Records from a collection
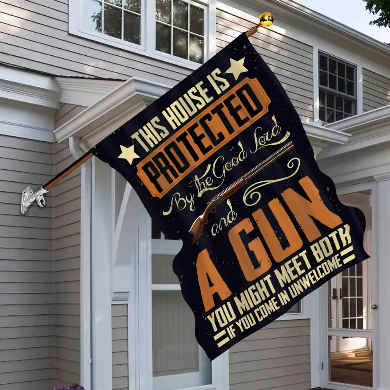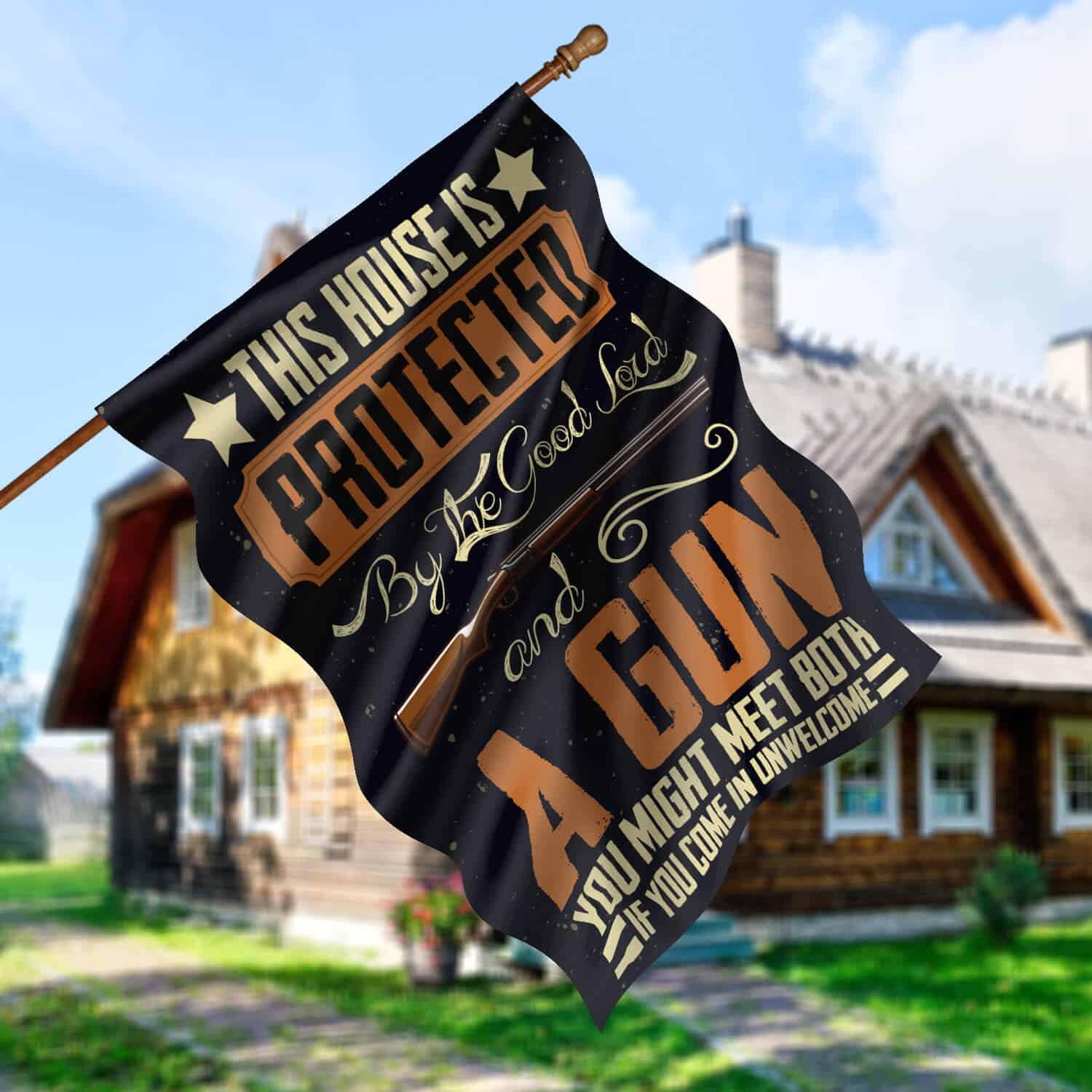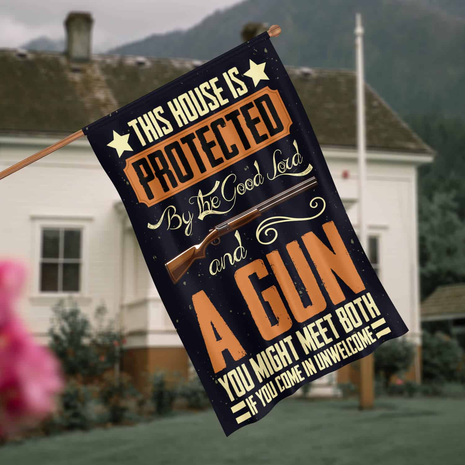 Let’s Shop This House Is Protected By The Good Lord And A Gun Flag – Gun Warning Garden Flag – House Flag – Wall Flag!
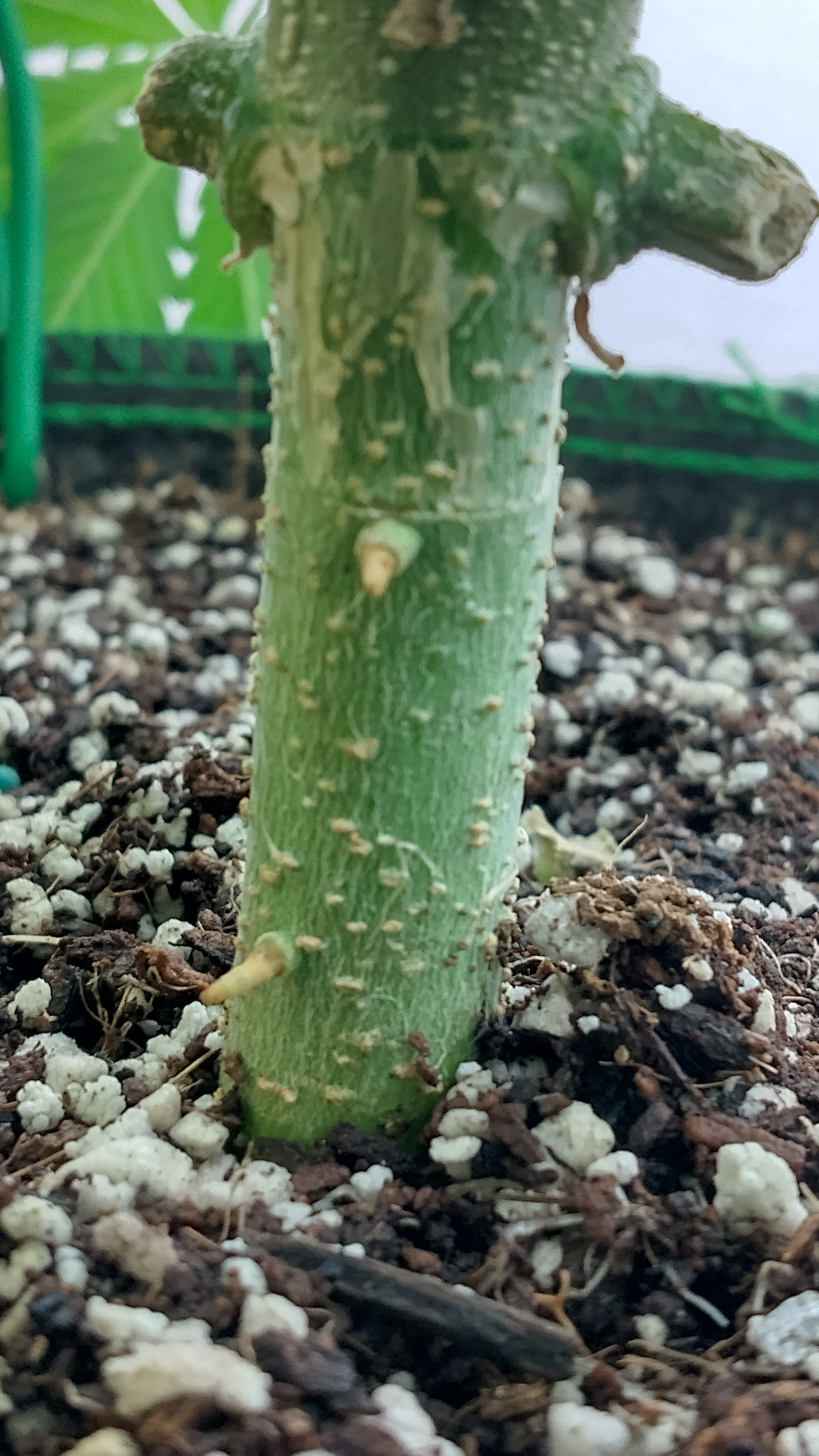13 nodes and I think it's starting to build a bud. Got a little stretchy for a tent. Got nodules (roots) trying to grow an inch above the soil, bury??
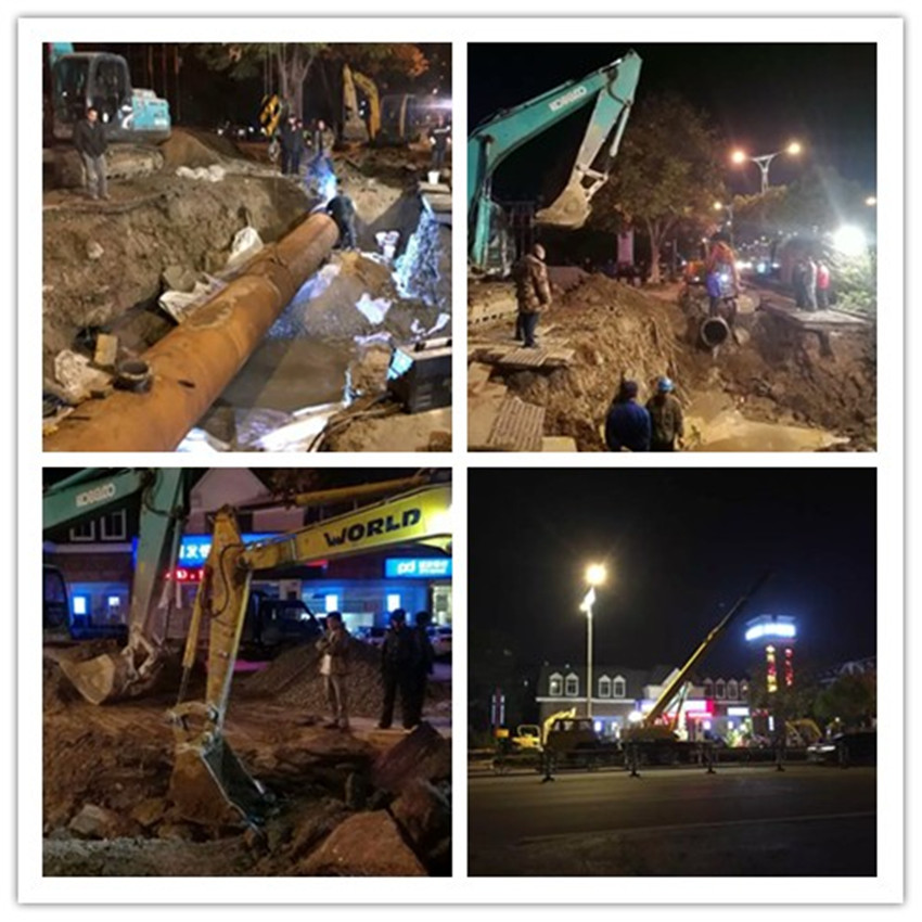 爆漏發生后,區自來水公司立即派遣4個班組50余人趕赴現場,關閉閥門、投入搶修。經過一整夜的搶修,現場施工開挖、清除破損管網,更換新的供水管網,至21日凌晨4點半,爆管管道完成更換并恢復供水。
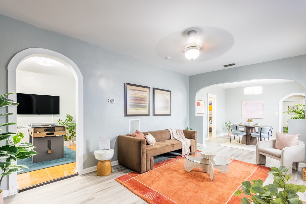 Welcome to your perfect West Palm Beach escape! *10 min from Downtown, Airport & Palm Beach Island *Comfortably sleeps 7 (King, Queen, Twins (2), Pull-Out Bed) *Turfed Backyard w/Hot-Tub, Mini-Golf, Firepit, Grill, Tiki Bar, Cornhole, Bocce *Arcade w/Pacman, Galaga, Golden Tee, Nintendo Switch, Board Games *Freshly remodeled interior (3BD/2BA) *Fully Loaded Kitchen w/Coffee Bar *Beach & Pickleball Gear (Chairs, Towels, Umbrella, Cooler, Spike Ball) *Blocks from тАЬThe ParkтАЭ golf course
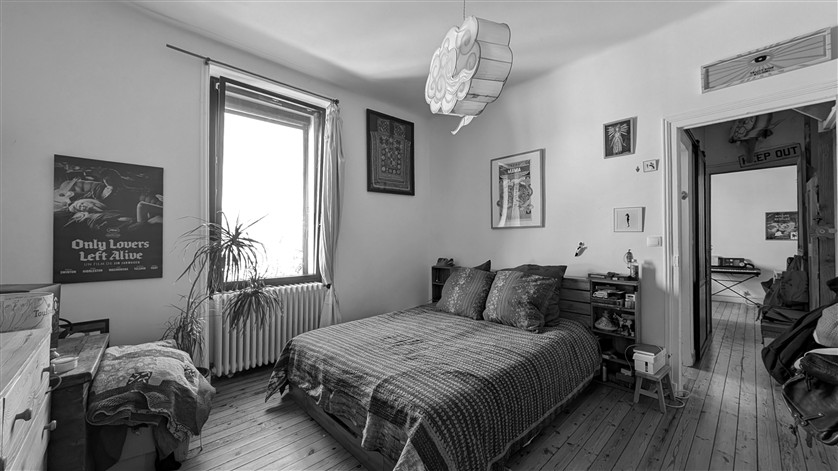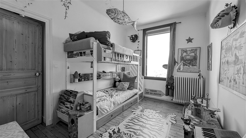 A l’étage : Deux grandes chambres, salle de bains avec WC.
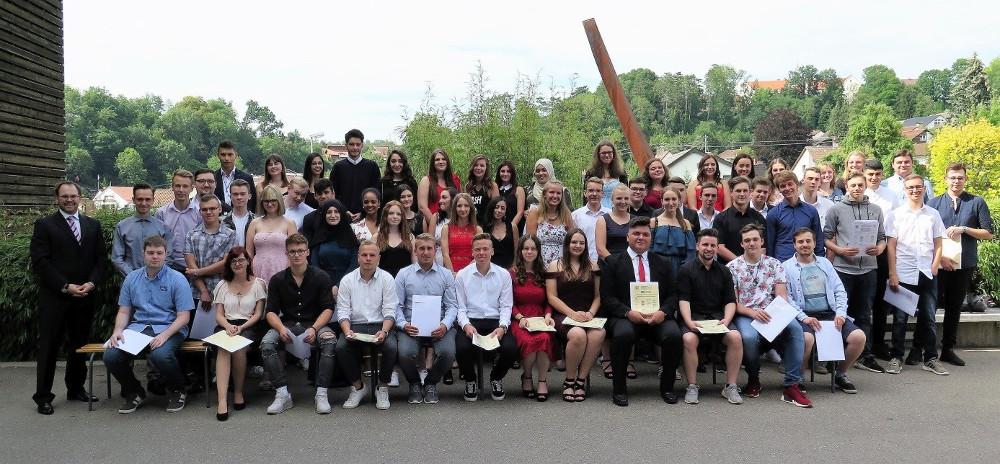 Vor versammelter Schülerschaft verabschiedeten die SMV-Vorsitzenden der Ludwig-Erhard-Schule Rebekka Lück und Leonie Marek die langjährigen Mitglieder des Lehrerkollegiums Elisabeth Lehmann-Zschornack, Albin Bleicher sowie Hans-Peter Schäfer mit einem Dank für ihr Engagement und allen guten Wünschen für den Ruhestand.
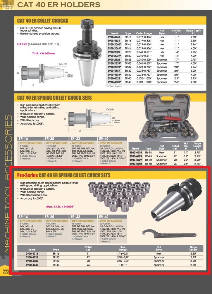 ER-32 CAT 40 V-FLANGE SPRING COLLET CHUCK SET-METAL CASE (SKU: 3900-4032)
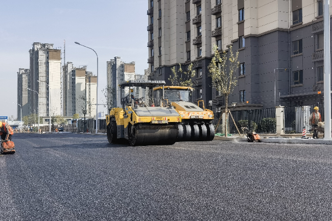 济南起步区总部经济产业园区四期安置东区项目完成保交房区域沥青面层摊铺作业
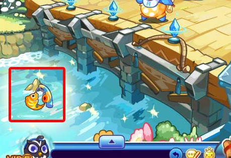 3、最后来到月牙桥,移动鼠标到左下角的水面上,当水面上出现鱼的图标的时候,就可以点击进入钓鱼场景啦!
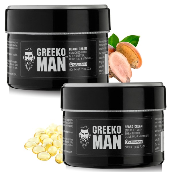 TRICHUP Vasu Greeko Man Beard Cream | Nourishes, Softens & Strengthens Beard | With Shea Butter, Olive Oil & Vitamin E | Tames & Styles Beard | Pack of 2 (1.69 fl.oz Each, 3.38 fl.oz Total)
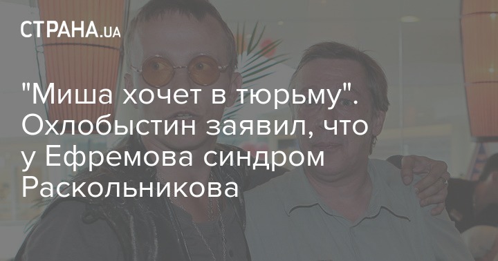 "Миша хочет в тюрьму, у него синдром Раскольникова", - добавил Охлобыстин, который является кумом Ефремова.
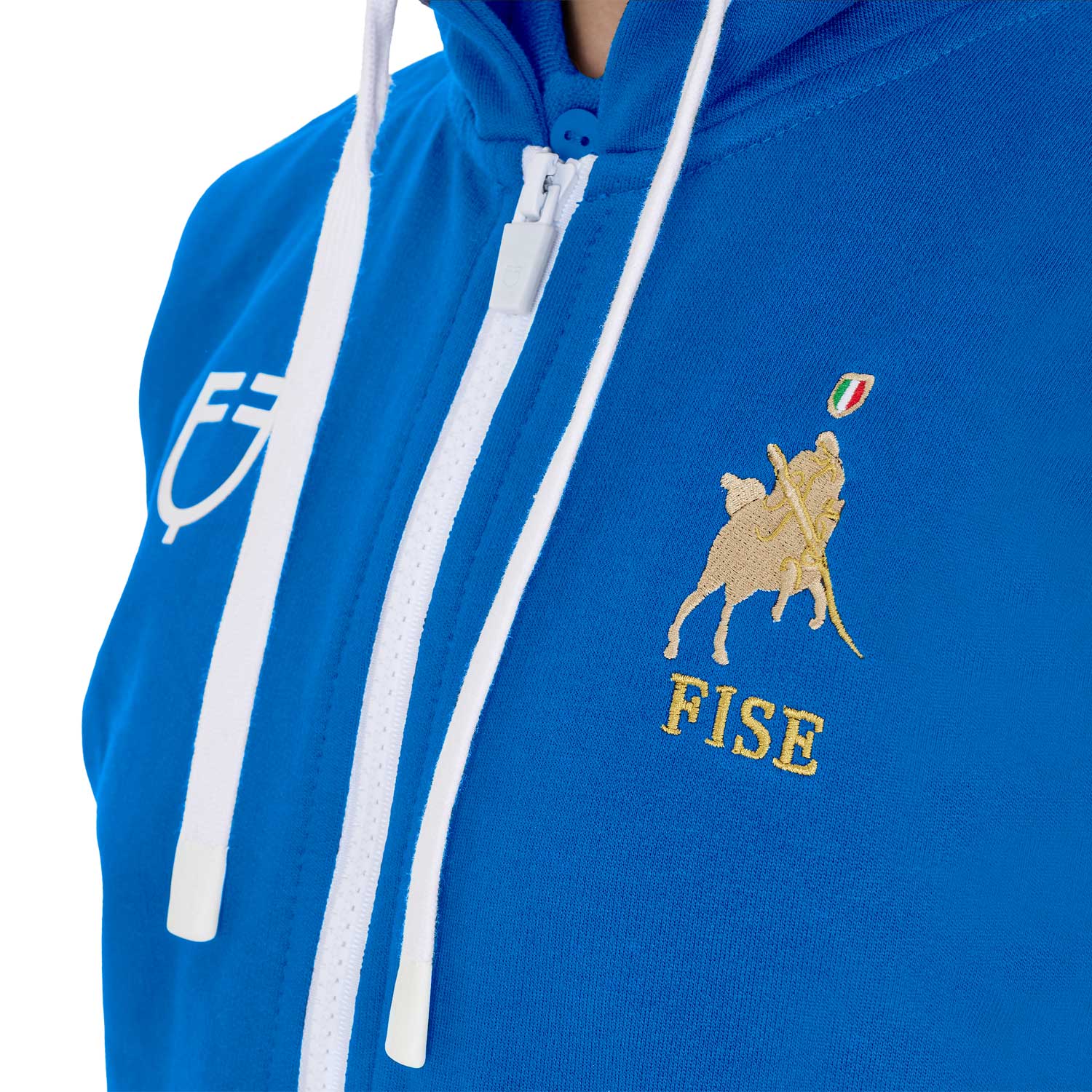 La presenza di decorazioni in piping a contrasto, rende il capo elegante, in pieno stile Equestro e i ricami FISE rendono la felpa unica nel suo genere.
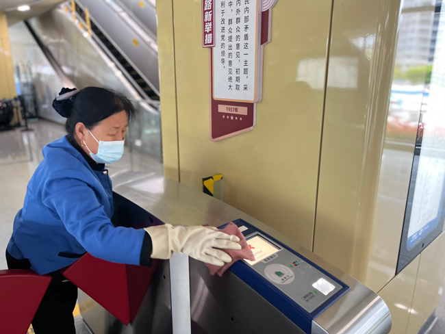 在站臺、站廳等重點(diǎn)區(qū)域,盡管沒有了客流,海寧運(yùn)營公司根據(jù)車站實(shí)際需求維持了每日3至4次的消殺頻次。
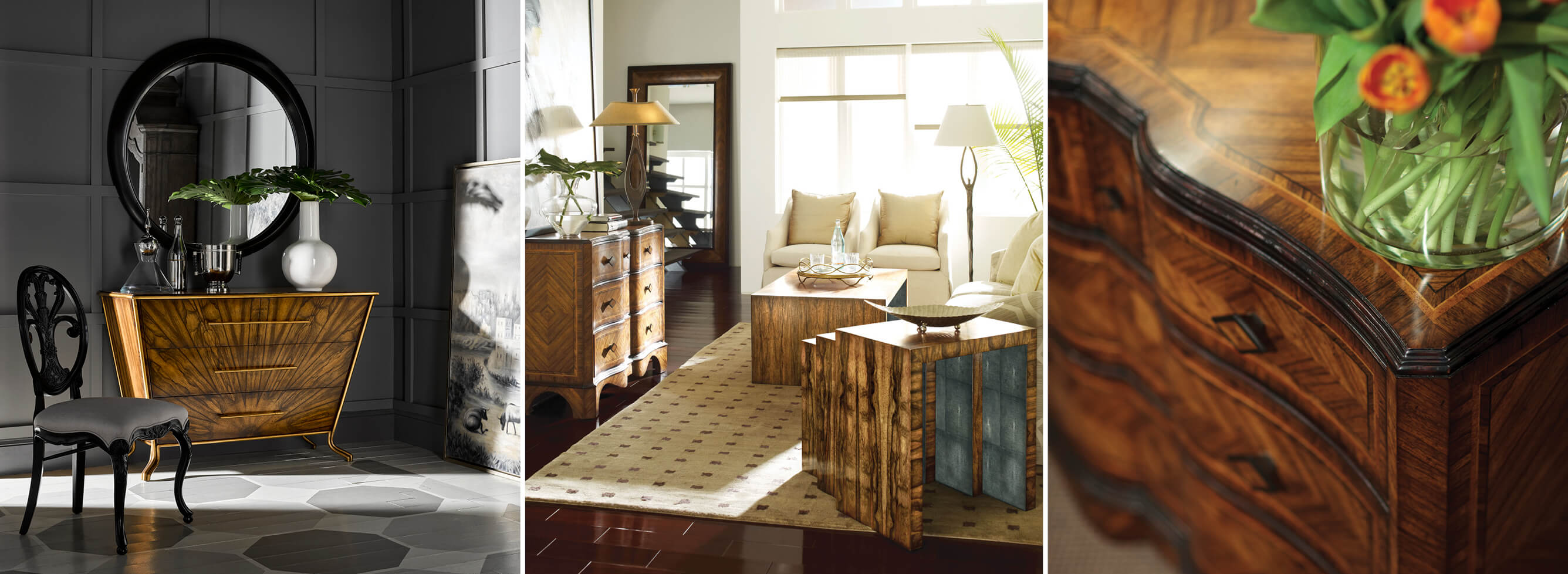 Decorative chest of drawers in traditional style, the stunning Argentinian walnut wood veneers bringing a contemporary twist. Unusual diamond shaped handles to the four drawers. Contrasting black painted finish...
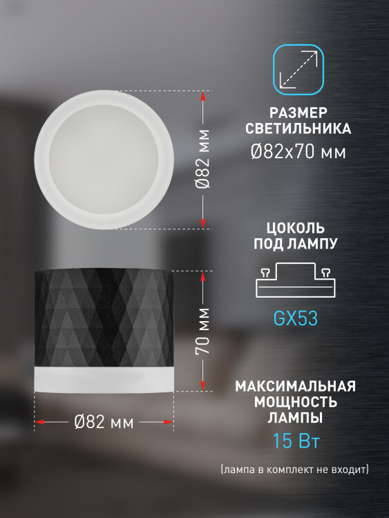 Светильник настенно-потолочный спот ЭРА OL37 BK под GX53 IP20 черный

PROBLEM STATEMENT:
From the opening line of the entries, copy each line exactly until the line with "13 nodes and", which is copied as well; leave out pictures.

RESULT FOR THIS EXERCISE:
 Let’s Shop This House Is Protected By The Good Lord And A Gun Flag – Gun Warning Garden Flag – House Flag – Wall Flag!
13 nodes and I think it's starting to build a bud. Got a little stretchy for a tent. Got nodules (roots) trying to grow an inch above the soil, bury??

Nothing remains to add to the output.